1. Courtroom Closure

The trial court may order the courtroom closed during a criminal trial if there is an overriding interest supporting closure and the court has made findings adequate to support the closure. State v. Fageroos, 531 N.W.2d 199, 201-02 (Minn. 1995) (citing Waller v. Georgia, 467 U.S. 39, 48, 104 S. Ct. 2210, 2216 (1984)). Before the court orders the closure of a courtroom, it must hold a hearing on the issue and must make findings that "articulate * * * the need for closure." Id. at 202; see also State v. McRae, 494 N.W.2d 252, 259 (Minn. 1992). Additionally, the court must give the prosecutor, defendant, and members of the public the "opportunity to object to the closure." Minn. Stat. § 631.045 (1998).

In this case, appellant does not dispute the adequacy of the trial court's findings supporting closure nor the fact that there is evidence that normally might be found sufficient to support those findings. Rather, appellant suggests that the issuance of those findings was precluded by the language in the earlier opinion of this court. This proposition has no merit because the decision of this court was reversed in total by the supreme court and does not constitute the law of this case. See, e.g., In re Hallbom's Estate, 189 Minn. 383, 386, 249 N.W. 417, 418 (1933).

In his argument, appellant criticizes the decision of the state to rest on the record on the occasion when the evidentiary hearing was scheduled before the trial court on remand. As appellant observes, Fageroos also arose under circumstances where the trial court initially had made no findings, and the supreme court required that the issue be remanded to the trial court for an "evidentiary hearing," explaining that this would give the state an opportunity to articulate the need for closure. Fageroos, 531 N.W.2d at 203. We neither criticize nor condone the state's strategy in this case, the issue being beside the point. Even without additional evidence, the trial court made findings, supported by the evidence in the record, that justify closure.

2. Multiple Convictions

The trial court sentenced appellant for three of the six counts: 116 months in prison for second-degree criminal sexual conduct, a consecutive 86 months for attempted criminal sexual conduct, and a consecutive 172 months for first-degree criminal sexual conduct. All of the accusations were alleged in terms of conduct occurring between August 1, 1996 and September 25, 1996, and appellant contends, as he did in his initial appeal, that the three convictions cannot stand because the jury may have found that they arose out of the same behavioral incident. As this court initially reversed on other grounds, it did not address this issue.
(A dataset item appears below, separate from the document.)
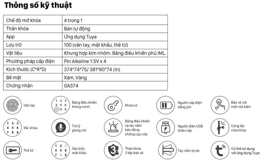 - Mở khóa bằng mật mã: Tối đa 100 mật mã

As appellant acknowledges, the evidence of his crimes was offered in respect to several specific incidents that occurred over the course of a several-week span mentioned in the complaint. The record furnishes no basis for the conclusion that the three convictions for which appellant was sentenced arose out of the same incident.

Although the jury instructions and verdict forms, which were not the subject of objection by appellant during trial, might have more particularly identified the incidents in question, this is not a case where the meaning of the verdict is in doubt. Compare State v. Cromey, 348 N.W.2d 759, 760-61 (Minn. 1984) (verdict considered to be for lesser offense where record left uncertain whether a general guilty verdict was for that offense or a more serious accusation).

 

Affirmed.

[*] Retired judge of the district court, serving as judge of the Minnesota Court of Appeals by appointment pursuant to Minn. Const. art. VI, § 10.